Squint-eyed Southerner said:


> As if there wasn't enough to worry about!
> 
> 
> 
> ...


Of course it has been co-opted.





CL


----------



## Olorgando (Mar 14, 2020)

Squint-eyed Southerner said:


> As if there wasn't enough to worry about!
> 
> 
> 
> ...





CirdanLinweilin said:


> Of course it has been co-opted.
> CL


Sick scum, which is what hackers in principle are, can't restrain their sick impulses. And then there's the hardened criminal part of the scene (with overlap to sick) …


----------



## CirdanLinweilin (Mar 14, 2020)

Olorgando said:


> Sick scum, which is what hackers in principle are, can't restrain their sick impulses. And then there's the hardened criminal part of the scene (with overlap to sick) …

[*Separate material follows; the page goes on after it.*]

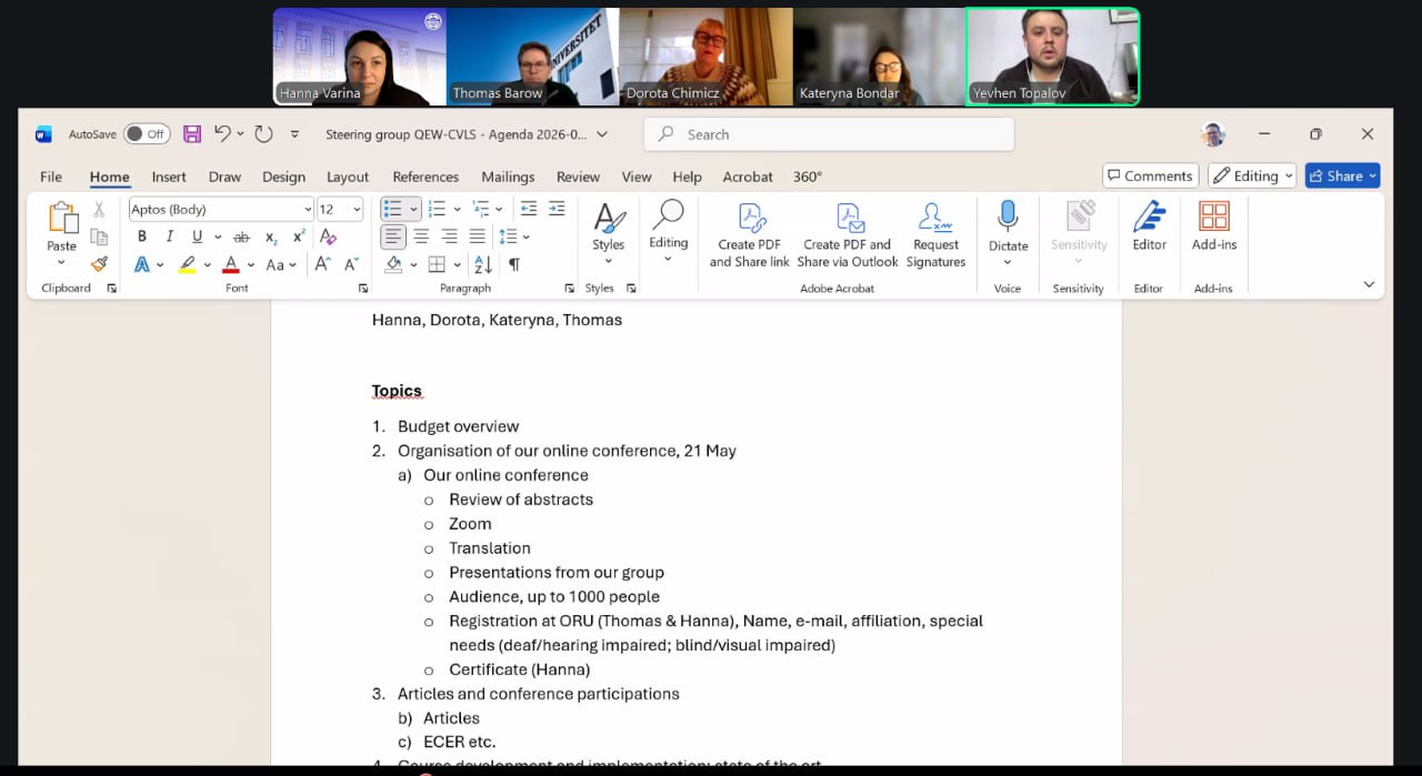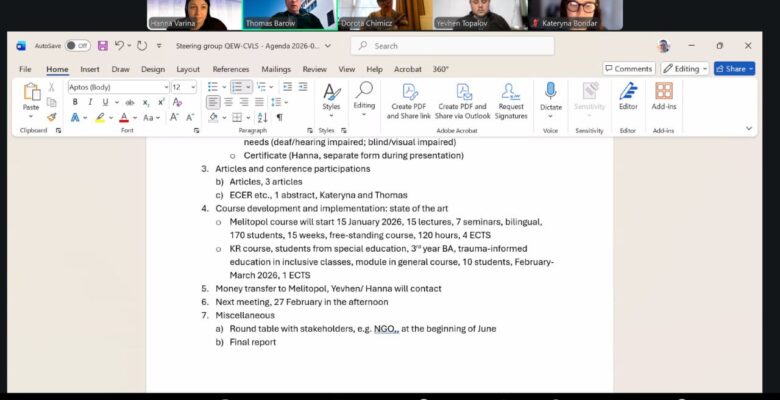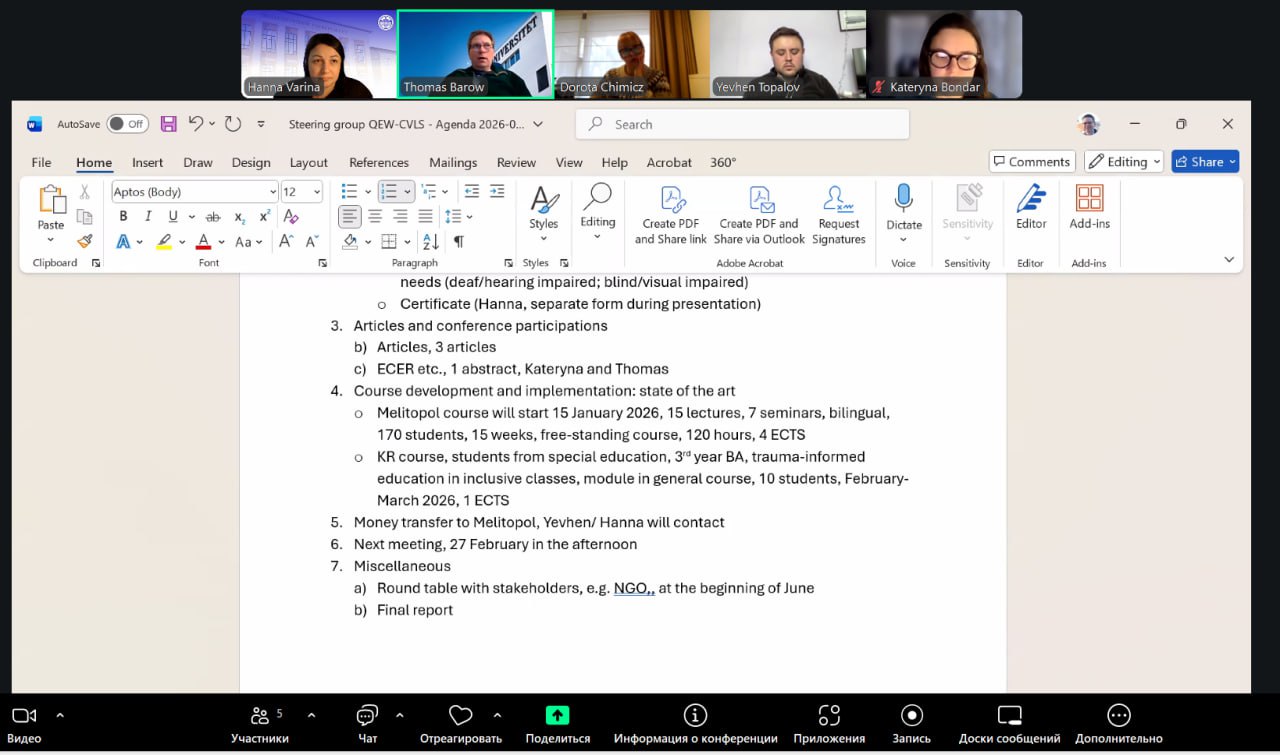 On 9 January 2026, an online meeting of the Steering Group of the international QEW-CVLS project was held, bringing together representatives of the partner institutions.

Always opportunistic hyenas, there will be. 


CL


----------



## Olorgando (Mar 14, 2020)

CirdanLinweilin said:


> Always opportunistic hyenas, there will be.
> CL


You are aware, I hope, that you have just massively insulted actual hyenas, one of the most successful carnivores of Africa (the spotted hyena)?
As far as I am concerned, any verbal / written association of members of the "animal" kingdom with scum of our own species is *always* an insult to the non-humans.


----------



## CirdanLinweilin (Mar 14, 2020)

Olorgando said:


> You are aware, I hope, that you have just massively insulted actual hyenas, one of the most successful carnivores of Africa (the spotted hyena)?
> As far as I am concerned, any verbal / written association of members of the "animal" kingdom with scum of our own species is *always* an insult to the non-humans.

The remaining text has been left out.